Armed with a roadmap and new insights, consider how specialized support can supercharge compliance and ESG performance.

At ECONOS, we’ve guided companies like Michelin, eMAG, and Raiffeisen Bank through exactly these challenges. Whether you need help structuring your professional ESG reporting process, running a carbon footprint assessment that covers Scope 1 through 3, or interpreting EU Taxonomy requirements for your sector, we bring practical methodology and real accountability to every project.

https://econos-esg.com

Our training-first model means your team builds genuine internal capacity, not dependency on consultants. Through ECONOS Academy and our AI-powered assistant AVA, you stay in control of your data and your compliance journey. Reach out to discuss where you are and what you need next.

Frequently asked questions

What is double materiality in sustainability reporting?

Double materiality means assessing both your business’s impact on the environment and society, and how those environmental and social factors create financial risk or opportunity for your business. Both dimensions are required under CSRD.

When are Romanian companies required to start CSRD reporting?

Most mid-size and large Romanian companies must report for FY2027, with reports due in 2028. Listed companies with over 500 employees began from FY2024, with reports due in 2025.

What frameworks should a Romanian company use for sustainability reporting?

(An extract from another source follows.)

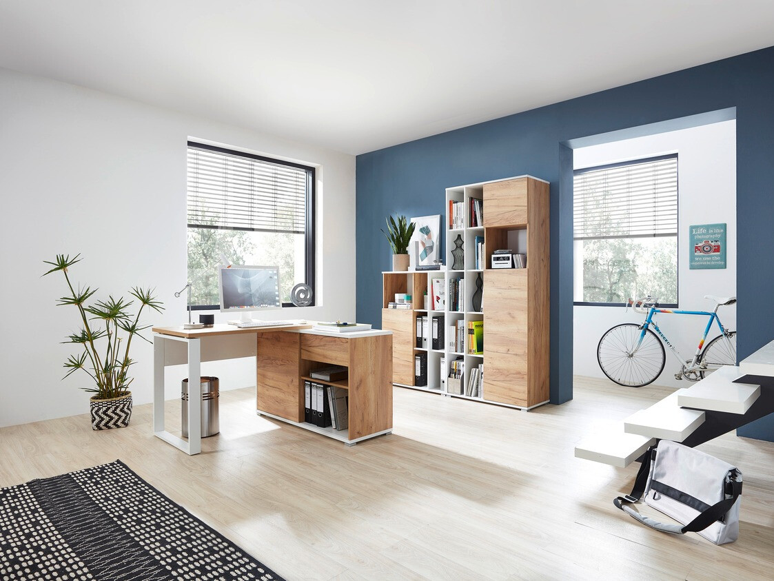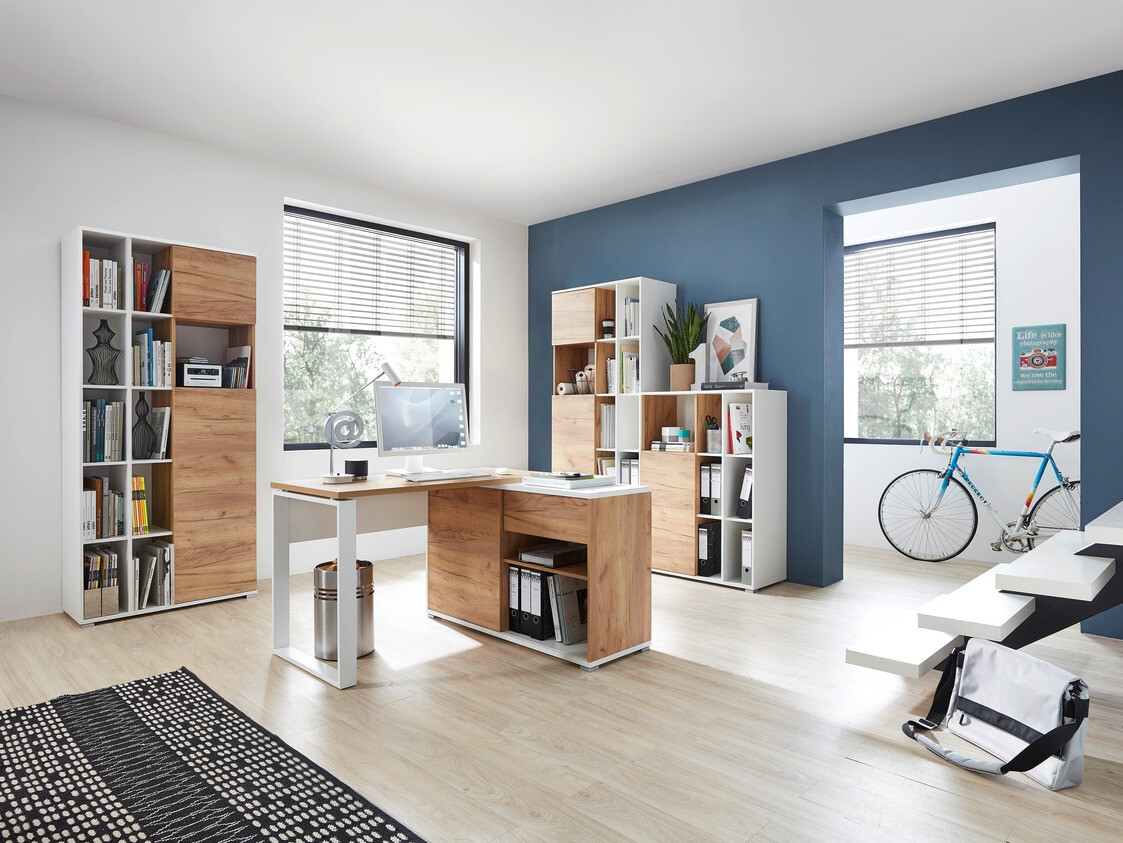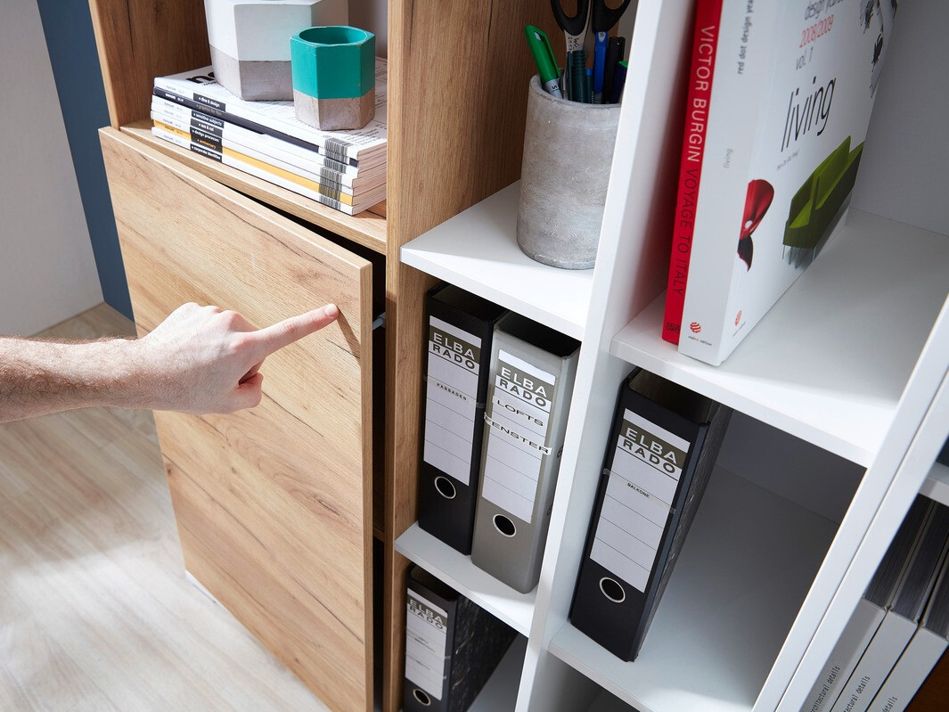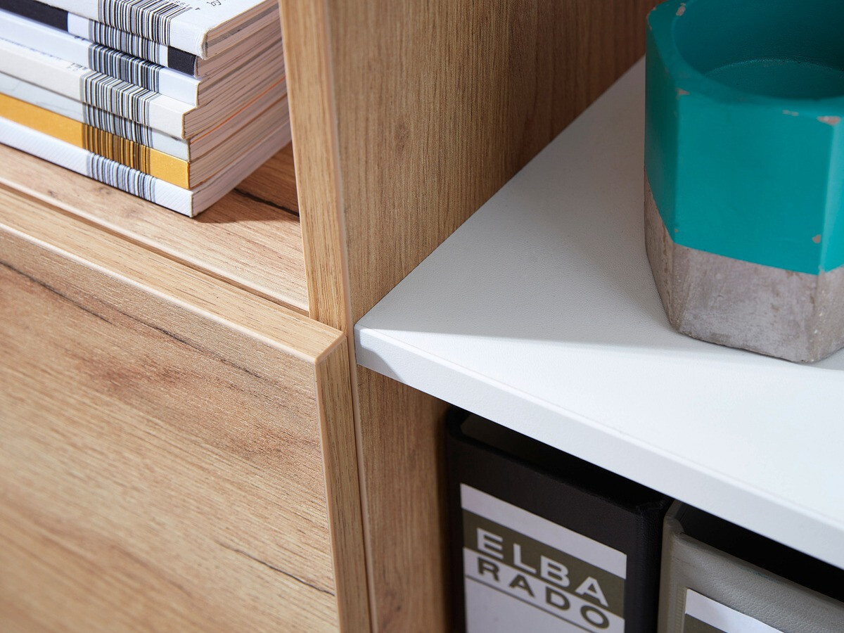 Die Büromöbelkollektion im skandinavischen Stil wird jeden Fan von minimalistischem Design begeistern. Die vorherrschende weiße Farbe wird durch Fronten in Eichenholzoptik „Navarra“ ergänzt. Die Möbel sind leicht zu pflegen, da sie mit einem farblosen Material überzogen sind, das vor kleinen Kratzern schützt und eine einfache Reinigung von angesammeltem Schmutz ermöglicht. Die Kanten der Möbelkollektion sind mit einer Zierleiste versehen. Sie bestehen aus stabilem Kunststoff, der die Möbel vor kleinen Beschädigungen schützt. Funktionalität und Bequemlichkeit sind wesentliche Merkmale dieser in Deutschland hergestellten Kollektion. Die Schubladen und Türen haben einen „Push-to-Open“-Öffnungsmechanismus. Dieser Mechanismus ermöglicht es Ihnen, Türen und Schubladen mit einem Klick zu öffnen. Schaffen Sie mit dieser Kollektion ein harmonisches Arbeitsumfeld.

Use CSRD and ESRS as your legal baseline. You can optionally supplement with the Romanian Sustainability Code and GRI guidelines for broader stakeholder alignment and internal benchmarking.

How should companies handle missing data in their sustainability reports?

If data cannot be collected, explain the gaps clearly in your report and describe a concrete plan to address them within the next three years. Transparency here is better than silence.

What are the benefits of robust sustainability reporting?

Strong reporting increases investor trust, improves market reputation, and links to higher profits and market value based on empirical benchmarks from Romanian listed companies.